One application which was ported from Flex4 to Royale was reduced from a total size of 1.8MB to less than 500KB of JavaScript gzipped. There is still potential in the Royale compiler to reduce the size even further. The Flash version of this application seems to be even smaller, but exact numbers are hard to determine because not all features are implemented in Flash.

Why PAYG?

To target JavaScript, the Royale SDK and components needed to be substantially different from the legacy Flex 4 SDK and components, which were designed to compile into Flash applications and libraries. Since we had to make substantial changes throughout the code base, we took the opportunity to review how we could make general improvements to the SDK component architecture to address some common criticisms of the Flex 4 component set. One of those criticisms (the size of compiled applications) relates to the size of some of the Flex 4 base classes, which are very much ‘Just in Case’.

Implementing PAYG in Royale has the goal of maintaining the possibility of a full range of functions while keeping application size and the cost of running an app as small as possible.

How we define default functionality

Determining whether something should be in a component’s default functionality or should be added ‘as you go’ is a dynamic conversation the team engages in. You are welcome to join in and add your insights!

What are we ‘Paying’ in PAYG?

‘Paying’ is the conscious decisions by developers to include functionality that has a measurable and substantial performance or memory impact. The ‘as you go’ implies adding ‘incremental functionality’ as needed, and only paying for what you need. In simple terms, it means that you do not pay performance and memory ‘costs’ for functionality you don’t use.

Pay as You Go is synonymous with ‘Code as You Go’. Whichever term you prefer, the principle is the same: any code which is not essential for the basic component to perform its core functions should be composed elsewhere and added to instances of the component that need it. This ‘elsewhere’ can be a subset, an alternate set, a composable bead (see below), etc.
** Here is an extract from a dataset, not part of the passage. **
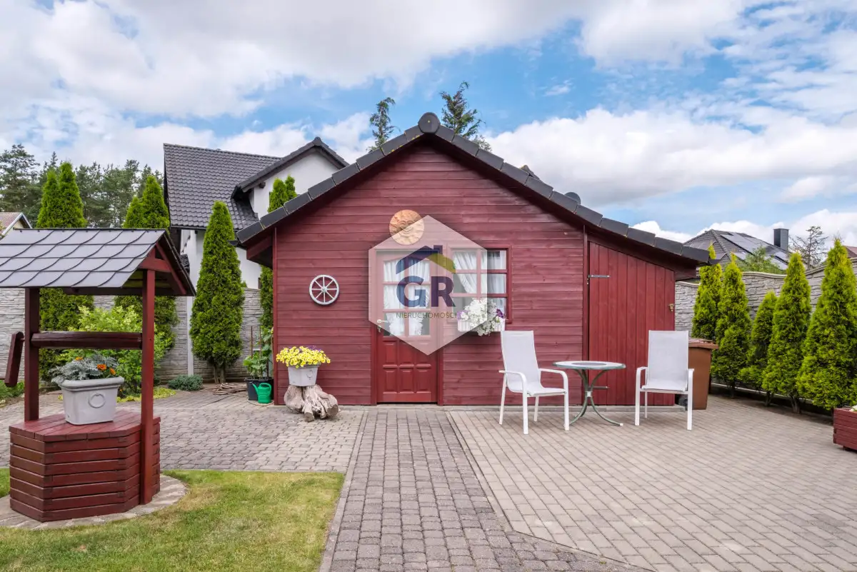 ogród zimowy (22,09 m²), który został zaadaptowany z tarasu. Pomieszczenie dzięki wysokim witrynom jest doskonale doświetlone. Z ogrodu zimowego poprzez drzwi tarasowe wychodzimy na ogród, który jest bardzo zadbany, a roślinność została w nim zaaranżowana w przemyślany sposób, tak aby zachować pełną prywatność. W ogrodzie przewidziano miejsce wypoczynku, znajduje się w nim również drewniana altana oraz drewniany budynek gospodarczy.

The ‘paying’ aspect of PAYG does not include developer effort in the ‘payment’. For some projects that want to use a full PAYG component set, especially if they are migrating an existing Flex app to Royale, additional developer effort will be required. However, Royale provides component sets that supply most if not all of the most commonly-used components, and a growing collection of beads (see below) that supply additional functions those components sometimes need.

The Express component set has pre-composed components that feature combinations of functionality to suit general use cases. This reduces the time and effort required to deploy common components by including their more commonly needed functionality, helping balance ease of development against PAYG benefits.
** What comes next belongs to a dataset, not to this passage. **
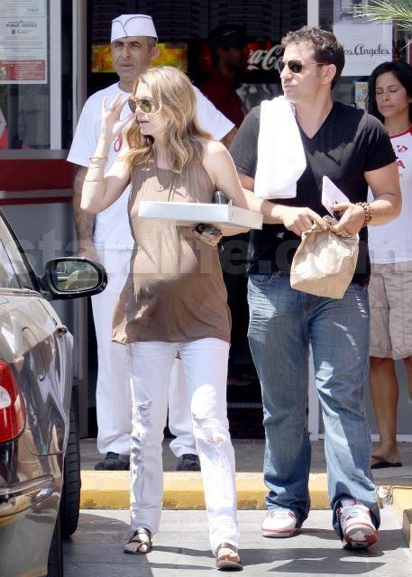 39 year-old Grey’s Anatomy star Ellen Pompeo made a pizza run in West Hollywood this weekend, and showed off her visible pregnancy bump.

Similarly, the Jewel component set is designed with PAYG in mind but tries to balance towards the usability of the framework and to not be PAYG-strict.

PAYG vs DRY

Another software design concept is DRY (Don’t Repeat Yourself). PAYG can sometimes be at odds with DRY. Considering that additional functionality would need to be in a different class, this can lead to multiple classes which have a lot of the same logic. Despite this, we feel that the benefits of PAYG outweigh the costs of sometimes failing to adhere to DRY.

However, we don’t want to ignore DRY. Using subclasses in extended components can result in less code duplication.

An additional technique which is used frequently in framework code is the use of utility classes or top-level functions to implement commonly-used code that is needed across different components. This utility code will only be included if it’s actually used, and is only included once no matter how many times it’s used. Such utility classes should be small, and each should serve a single purpose.

How does PAYG get implemented?

Strands and Beads

The Strands and Beads concept is a metaphor for adding extra functionality (beads) onto a component (strand). Beads are the modular units of functionality that can be added to the strand (base component).  

Compiler

Through compiler options (i.e, initialised vs. uninitiliased variables) Royale provides further PAYG capabilities.